§ **PROBLEM TO SOLVE**
Locate the line that contains "Granny Rags tells", then copy it and all later lines of the data below exactly, through the last one.

§ **EXERCISE MATERIALS**
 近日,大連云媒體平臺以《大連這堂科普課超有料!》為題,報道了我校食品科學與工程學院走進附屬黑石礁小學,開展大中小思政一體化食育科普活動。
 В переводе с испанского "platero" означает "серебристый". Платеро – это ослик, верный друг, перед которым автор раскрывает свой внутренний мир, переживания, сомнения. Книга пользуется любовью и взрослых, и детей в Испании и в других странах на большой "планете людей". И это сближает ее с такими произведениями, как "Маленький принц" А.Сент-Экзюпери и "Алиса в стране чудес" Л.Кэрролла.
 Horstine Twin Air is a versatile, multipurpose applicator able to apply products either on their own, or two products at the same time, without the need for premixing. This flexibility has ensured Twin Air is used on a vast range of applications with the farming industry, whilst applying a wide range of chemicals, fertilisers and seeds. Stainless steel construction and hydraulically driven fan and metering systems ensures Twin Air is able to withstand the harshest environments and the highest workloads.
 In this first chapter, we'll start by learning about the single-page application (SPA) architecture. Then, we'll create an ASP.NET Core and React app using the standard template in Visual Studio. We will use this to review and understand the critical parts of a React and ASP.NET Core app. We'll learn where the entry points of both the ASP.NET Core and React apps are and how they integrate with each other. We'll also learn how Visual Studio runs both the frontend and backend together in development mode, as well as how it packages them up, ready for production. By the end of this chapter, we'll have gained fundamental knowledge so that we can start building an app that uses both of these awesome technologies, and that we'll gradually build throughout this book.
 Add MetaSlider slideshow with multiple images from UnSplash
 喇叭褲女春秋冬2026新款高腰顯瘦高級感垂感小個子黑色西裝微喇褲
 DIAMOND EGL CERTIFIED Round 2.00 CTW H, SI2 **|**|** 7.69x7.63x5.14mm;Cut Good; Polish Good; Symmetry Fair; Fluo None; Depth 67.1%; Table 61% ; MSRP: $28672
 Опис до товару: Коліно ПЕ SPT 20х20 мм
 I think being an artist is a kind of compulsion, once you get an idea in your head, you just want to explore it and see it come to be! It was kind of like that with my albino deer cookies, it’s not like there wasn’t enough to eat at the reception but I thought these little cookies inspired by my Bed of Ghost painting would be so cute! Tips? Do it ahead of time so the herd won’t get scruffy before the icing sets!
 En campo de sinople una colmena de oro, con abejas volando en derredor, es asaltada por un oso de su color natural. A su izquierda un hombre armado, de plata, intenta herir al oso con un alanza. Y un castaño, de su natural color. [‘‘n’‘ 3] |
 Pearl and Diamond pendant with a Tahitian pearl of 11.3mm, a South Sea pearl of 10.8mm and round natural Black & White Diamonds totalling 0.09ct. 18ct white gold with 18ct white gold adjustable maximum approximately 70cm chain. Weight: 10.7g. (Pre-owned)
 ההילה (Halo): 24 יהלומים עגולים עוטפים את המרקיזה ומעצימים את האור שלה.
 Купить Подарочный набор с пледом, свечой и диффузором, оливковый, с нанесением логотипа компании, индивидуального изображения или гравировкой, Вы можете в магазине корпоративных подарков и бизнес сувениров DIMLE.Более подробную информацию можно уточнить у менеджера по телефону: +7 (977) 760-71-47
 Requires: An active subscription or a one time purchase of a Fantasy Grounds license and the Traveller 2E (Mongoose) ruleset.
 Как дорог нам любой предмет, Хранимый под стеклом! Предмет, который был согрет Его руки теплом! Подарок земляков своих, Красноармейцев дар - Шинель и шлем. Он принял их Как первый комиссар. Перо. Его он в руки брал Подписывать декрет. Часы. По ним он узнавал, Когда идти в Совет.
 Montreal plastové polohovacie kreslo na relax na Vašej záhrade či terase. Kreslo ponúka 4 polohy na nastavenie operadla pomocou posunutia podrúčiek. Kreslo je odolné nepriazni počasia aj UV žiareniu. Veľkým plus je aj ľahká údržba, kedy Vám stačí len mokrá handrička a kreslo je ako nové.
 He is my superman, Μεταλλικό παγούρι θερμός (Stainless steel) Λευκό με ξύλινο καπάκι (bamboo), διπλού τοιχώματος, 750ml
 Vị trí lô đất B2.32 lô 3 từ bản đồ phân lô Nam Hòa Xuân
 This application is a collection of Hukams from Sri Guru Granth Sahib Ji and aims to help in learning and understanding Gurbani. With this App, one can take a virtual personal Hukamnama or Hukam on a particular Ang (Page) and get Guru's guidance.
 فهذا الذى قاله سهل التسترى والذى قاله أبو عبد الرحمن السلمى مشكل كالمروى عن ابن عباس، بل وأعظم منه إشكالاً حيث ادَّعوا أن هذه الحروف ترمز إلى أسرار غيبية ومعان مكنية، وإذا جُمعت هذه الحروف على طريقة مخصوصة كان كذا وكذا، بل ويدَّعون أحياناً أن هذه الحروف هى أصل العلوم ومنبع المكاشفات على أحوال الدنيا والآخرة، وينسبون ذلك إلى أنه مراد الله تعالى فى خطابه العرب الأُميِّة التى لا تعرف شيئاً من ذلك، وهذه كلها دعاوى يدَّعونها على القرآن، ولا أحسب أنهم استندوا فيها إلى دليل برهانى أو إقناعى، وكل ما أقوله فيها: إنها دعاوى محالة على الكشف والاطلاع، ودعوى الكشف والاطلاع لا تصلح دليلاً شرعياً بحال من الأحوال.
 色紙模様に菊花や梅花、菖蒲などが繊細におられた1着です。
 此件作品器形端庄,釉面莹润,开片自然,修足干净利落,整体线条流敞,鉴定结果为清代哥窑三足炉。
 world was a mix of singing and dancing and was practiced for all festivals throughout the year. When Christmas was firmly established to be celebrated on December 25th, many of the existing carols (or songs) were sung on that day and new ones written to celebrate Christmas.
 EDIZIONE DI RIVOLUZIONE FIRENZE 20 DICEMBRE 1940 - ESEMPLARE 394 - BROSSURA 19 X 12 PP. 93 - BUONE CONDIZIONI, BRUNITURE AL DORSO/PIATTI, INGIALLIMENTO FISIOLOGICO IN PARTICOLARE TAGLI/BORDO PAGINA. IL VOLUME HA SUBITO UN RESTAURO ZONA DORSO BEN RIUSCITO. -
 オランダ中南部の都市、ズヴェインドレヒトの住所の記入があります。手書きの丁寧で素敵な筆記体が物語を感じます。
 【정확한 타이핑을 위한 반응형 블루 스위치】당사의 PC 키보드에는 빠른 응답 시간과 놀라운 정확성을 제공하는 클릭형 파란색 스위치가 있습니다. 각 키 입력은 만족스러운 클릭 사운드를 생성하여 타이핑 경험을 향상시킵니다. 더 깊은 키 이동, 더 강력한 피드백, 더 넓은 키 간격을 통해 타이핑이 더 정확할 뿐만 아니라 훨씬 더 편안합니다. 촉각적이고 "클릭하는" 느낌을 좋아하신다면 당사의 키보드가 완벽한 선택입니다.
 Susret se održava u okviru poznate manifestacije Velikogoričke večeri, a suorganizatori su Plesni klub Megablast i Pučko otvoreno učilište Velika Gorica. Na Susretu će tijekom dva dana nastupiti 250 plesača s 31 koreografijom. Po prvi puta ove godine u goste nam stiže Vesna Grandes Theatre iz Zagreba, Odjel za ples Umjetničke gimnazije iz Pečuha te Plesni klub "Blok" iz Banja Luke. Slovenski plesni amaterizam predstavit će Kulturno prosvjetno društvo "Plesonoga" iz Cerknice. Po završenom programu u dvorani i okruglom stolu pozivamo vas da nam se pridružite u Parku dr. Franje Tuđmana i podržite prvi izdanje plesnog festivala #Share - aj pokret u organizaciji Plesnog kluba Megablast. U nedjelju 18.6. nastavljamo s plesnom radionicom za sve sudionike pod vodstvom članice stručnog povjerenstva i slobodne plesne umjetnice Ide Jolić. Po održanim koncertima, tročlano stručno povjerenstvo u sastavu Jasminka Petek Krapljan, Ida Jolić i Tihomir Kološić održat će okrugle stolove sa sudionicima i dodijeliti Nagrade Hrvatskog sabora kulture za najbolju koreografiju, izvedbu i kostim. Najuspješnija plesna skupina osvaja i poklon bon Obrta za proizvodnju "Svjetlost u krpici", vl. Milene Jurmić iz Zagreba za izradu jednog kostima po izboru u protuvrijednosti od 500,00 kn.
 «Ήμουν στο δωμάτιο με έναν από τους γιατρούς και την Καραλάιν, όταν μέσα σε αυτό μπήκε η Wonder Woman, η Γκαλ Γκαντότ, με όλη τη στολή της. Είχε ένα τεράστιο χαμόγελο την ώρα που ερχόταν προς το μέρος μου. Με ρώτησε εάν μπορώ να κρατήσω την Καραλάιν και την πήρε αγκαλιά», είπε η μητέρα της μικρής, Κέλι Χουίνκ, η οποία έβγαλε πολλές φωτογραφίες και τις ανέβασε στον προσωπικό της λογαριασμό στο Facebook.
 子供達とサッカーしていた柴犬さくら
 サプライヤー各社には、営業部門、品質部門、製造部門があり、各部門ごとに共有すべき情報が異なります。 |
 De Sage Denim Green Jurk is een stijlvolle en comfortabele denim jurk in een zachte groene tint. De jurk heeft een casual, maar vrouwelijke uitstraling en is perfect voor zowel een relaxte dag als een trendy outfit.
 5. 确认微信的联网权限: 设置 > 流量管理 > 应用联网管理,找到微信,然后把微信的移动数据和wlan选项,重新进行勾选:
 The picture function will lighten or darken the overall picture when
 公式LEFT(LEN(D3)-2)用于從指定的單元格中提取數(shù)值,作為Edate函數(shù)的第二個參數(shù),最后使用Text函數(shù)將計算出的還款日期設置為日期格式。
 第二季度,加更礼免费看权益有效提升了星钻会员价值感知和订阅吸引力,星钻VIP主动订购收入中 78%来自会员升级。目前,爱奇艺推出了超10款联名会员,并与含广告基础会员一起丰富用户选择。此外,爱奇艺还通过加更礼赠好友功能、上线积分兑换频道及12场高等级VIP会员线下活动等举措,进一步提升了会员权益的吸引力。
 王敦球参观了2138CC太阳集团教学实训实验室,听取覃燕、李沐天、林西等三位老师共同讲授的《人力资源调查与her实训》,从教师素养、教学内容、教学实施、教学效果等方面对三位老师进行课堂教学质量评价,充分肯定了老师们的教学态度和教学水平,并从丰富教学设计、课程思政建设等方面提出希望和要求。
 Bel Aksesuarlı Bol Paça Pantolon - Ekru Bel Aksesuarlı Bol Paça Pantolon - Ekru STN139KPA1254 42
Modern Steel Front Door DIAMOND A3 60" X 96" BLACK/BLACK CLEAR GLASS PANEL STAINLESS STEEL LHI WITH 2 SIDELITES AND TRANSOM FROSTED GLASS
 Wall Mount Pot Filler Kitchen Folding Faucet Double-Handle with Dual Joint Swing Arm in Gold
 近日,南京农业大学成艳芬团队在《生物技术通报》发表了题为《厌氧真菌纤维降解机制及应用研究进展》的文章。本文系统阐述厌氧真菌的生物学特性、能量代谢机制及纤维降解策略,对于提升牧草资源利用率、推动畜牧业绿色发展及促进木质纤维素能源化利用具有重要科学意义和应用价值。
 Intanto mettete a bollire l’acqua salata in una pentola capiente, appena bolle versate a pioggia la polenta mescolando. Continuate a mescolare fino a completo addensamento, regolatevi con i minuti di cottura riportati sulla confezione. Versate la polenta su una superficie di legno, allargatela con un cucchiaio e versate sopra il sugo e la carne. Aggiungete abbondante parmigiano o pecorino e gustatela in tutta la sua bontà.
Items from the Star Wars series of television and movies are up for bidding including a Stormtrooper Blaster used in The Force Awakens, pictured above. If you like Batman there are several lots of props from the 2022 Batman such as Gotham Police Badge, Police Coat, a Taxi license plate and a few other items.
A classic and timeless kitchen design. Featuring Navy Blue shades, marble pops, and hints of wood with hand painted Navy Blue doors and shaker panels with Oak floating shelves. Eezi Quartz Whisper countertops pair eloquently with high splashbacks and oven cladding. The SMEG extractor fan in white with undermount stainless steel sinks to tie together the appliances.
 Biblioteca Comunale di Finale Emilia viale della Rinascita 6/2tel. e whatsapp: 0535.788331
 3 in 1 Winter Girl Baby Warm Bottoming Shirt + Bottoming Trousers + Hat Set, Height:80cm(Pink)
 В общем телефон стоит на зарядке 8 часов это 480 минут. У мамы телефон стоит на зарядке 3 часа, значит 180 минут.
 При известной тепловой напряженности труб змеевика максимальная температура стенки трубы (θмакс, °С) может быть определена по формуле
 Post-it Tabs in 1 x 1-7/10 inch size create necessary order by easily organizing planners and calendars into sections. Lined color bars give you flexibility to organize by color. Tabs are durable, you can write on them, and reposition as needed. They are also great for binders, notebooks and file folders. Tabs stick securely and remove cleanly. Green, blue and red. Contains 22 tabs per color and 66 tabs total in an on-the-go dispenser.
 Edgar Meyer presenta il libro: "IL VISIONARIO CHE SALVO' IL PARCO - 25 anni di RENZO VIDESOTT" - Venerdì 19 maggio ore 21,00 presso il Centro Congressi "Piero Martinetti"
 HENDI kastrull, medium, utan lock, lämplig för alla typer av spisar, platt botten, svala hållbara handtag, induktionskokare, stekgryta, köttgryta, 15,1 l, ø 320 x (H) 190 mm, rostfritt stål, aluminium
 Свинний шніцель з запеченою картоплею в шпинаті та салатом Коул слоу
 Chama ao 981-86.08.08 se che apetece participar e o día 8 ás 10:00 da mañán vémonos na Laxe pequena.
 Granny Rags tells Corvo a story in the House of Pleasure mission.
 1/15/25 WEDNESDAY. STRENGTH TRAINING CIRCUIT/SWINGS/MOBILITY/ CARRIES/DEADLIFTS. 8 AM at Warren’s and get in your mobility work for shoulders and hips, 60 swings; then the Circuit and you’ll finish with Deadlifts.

§ **EXPECTED ANSWER**
 Granny Rags tells Corvo a story in the House of Pleasure mission.
 1/15/25 WEDNESDAY. STRENGTH TRAINING CIRCUIT/SWINGS/MOBILITY/ CARRIES/DEADLIFTS. 8 AM at Warren’s and get in your mobility work for shoulders and hips, 60 swings; then the Circuit and you’ll finish with Deadlifts.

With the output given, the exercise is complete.